KARACHI: The current account surplus widened to its highest level in 13 months in April, buoyed by a narrowing trade gap and increased remittances from overseas workers, data from the State Bank of Pakistan showed on Friday.
The current account surplus reached $491 million in April, the highest level since March 2023, up 13 percent from the previous month. When compared with last year, the surplus increased by 266 percent.
The country's current account deficit for the 10 months (July-April) of this fiscal year was minimal at $202 million, a 95 percent decrease from $3.920 billion in the same period last year.
Amid ongoing contractionary monetary and fiscal policies, improved agricultural output, and an easing of global commodity prices, the nation's current account balance recorded advances for the third consecutive month. Even if continuous current account surpluses point to signals of stability in the economy, a decline in imports with a downturn in demand has had an impact on economic activity and raised the unemployment rate in the country.
“This [April] surplus came higher than our expectations as SBP reported a much lower trade deficit than PBS (72 percent of PBS) compared to a 10-MFY24 ratio of 90 percent,” said Topline Securities in a note.
Director of research at Akseer Research Awais Ashraf explained why the current account surplus has widened: higher exports along with lower imports contributed to an increase in the surplus.
In April, the nation's overall goods exports grew by 4 percent month-on-month and by 23 percent year-on-year to $2.634 billion. The amount of imports rose to $4.447 billion, up 23 percent from a year ago but down 3 percent from a month earlier.Remittances from Pakistani citizens employed abroad increased by 28 percent year-on-year to $2.812 billion in April, however, they decreased by 5 percent from the same month a year ago.
The latest figures for the balance of payments came as Islamabad is in talks with the International Monetary Fund for a new, longer-term loan programme.
Pakistan’s foreign exchange reserves held by the central bank stood at $9.1 billion as of May 10. The receipt of the final tranche of $1.1 from the IMF under its $3 billion loan programme, which concluded last month, has put the reserves in a comfortable position. The SBP was able to make its external payments on time while building reserves because of improvement in the current account deficit and financial inflows.

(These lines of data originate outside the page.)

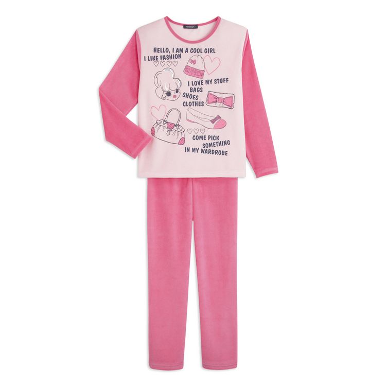 Un pyjama en velours 100% girly, ça plaît aux filles ! Confortable et doux. Haut : col rond, manches longues contrastées, grand imprimé sur le devant. Pantalon : uni, taille élastiquée. Ce pyjama fille est lavable en machine à 40°.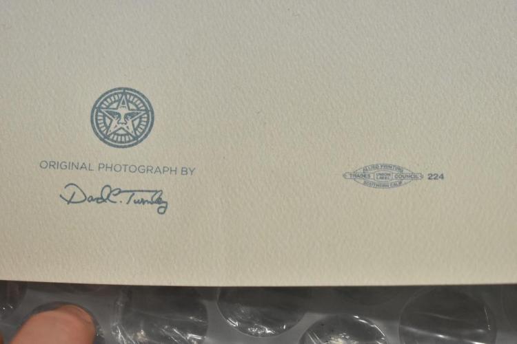 Lot 2021 of 2131: ***WITHDRAWN***AFTER SHEPARD FAIREY; offset lithograph on thick textured stock, 'Vote Obama '08', from the 'Art for Obama' Presidential Campaign fundraiser poster series, numbered 2863/5000, with 'Paid for by Obama for America' and further related stamps to lower border, 66x56cm, sheet size 97.8cm x 63.5cm Provenance: From a private North West collector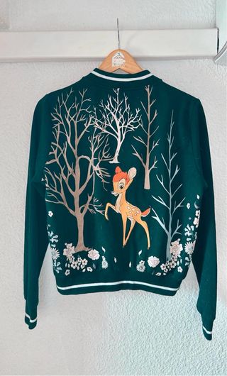 Sudadera / Chaqueta estilo Bomber de color negro con detalles bordados de Bambi (Disney) Una preciosidad de 2017 exclusiva de Primark! Usada para una sesión de fotos únicamente, por lo que esta Casi Nueva! A pesar de que indica talla 44, es de corte estrecho. Por lo que si tu talla es 34/36/38 te quedará ideal. Con una 40, un poco mas pegado. Todo depende del estilo que quieras. Pide fotos de medidas sin compromiso. SOLO ENVIO. PROTECCIÓN TOTAL! 💲Descuento en Lotes/Packs💲

The IMF in its staff report following the second and final review under the standby arrangement (SBA) said downside risks remain exceptionally high. Political unpredictability persists despite the new government's stated aim to uphold SBA policies. The international lender also mentioned that the high cost of living and political complications could have an impact on policy. Policy lapses combined with less external funding could jeopardise the debt sustainability route and put pressure on the exchange rate.
The SBP expects the current account deficit in the range of 0.5 - 1.5 percent of GDP; however, the IMF projects the CAD at $3.0 billion (0.8 percent of GDP) for FY24.
“A more muted import rebound is now expected, reflecting favorable commodity price changes and a larger than anticipated drop in food and cotton imports given the domestic agricultural recovery, while exports are slightly higher,” it said.
“Staff expects the CAD to remain around 1½ percent of GDP over the medium term, reflective of a flexible exchange rate consistent with efforts to rebuild reserves.”The SBP, in its latest report said on external account, slightly improved global outlook and domestic growth prospects are anticipated to boost foreign exchange earnings from exports and remittances.
“While resilient global demand may have a positive impact on Pakistan’s exports, moderating global commodity prices may significantly suppress import prices, leading to an overall contraction in import bill and, hence improvement in trade balance,” the SBP said.“This outlook remains susceptible to unfavorable movement in international commodity prices and continued tight global financial conditions,” it said.
“Under these circumstances, it is imperative to boost exports through reforms aimed at enhancing productivity and attracting FDI in export-oriented sectors to keep the CAD at sustainable level without constraining domestic economic activities.”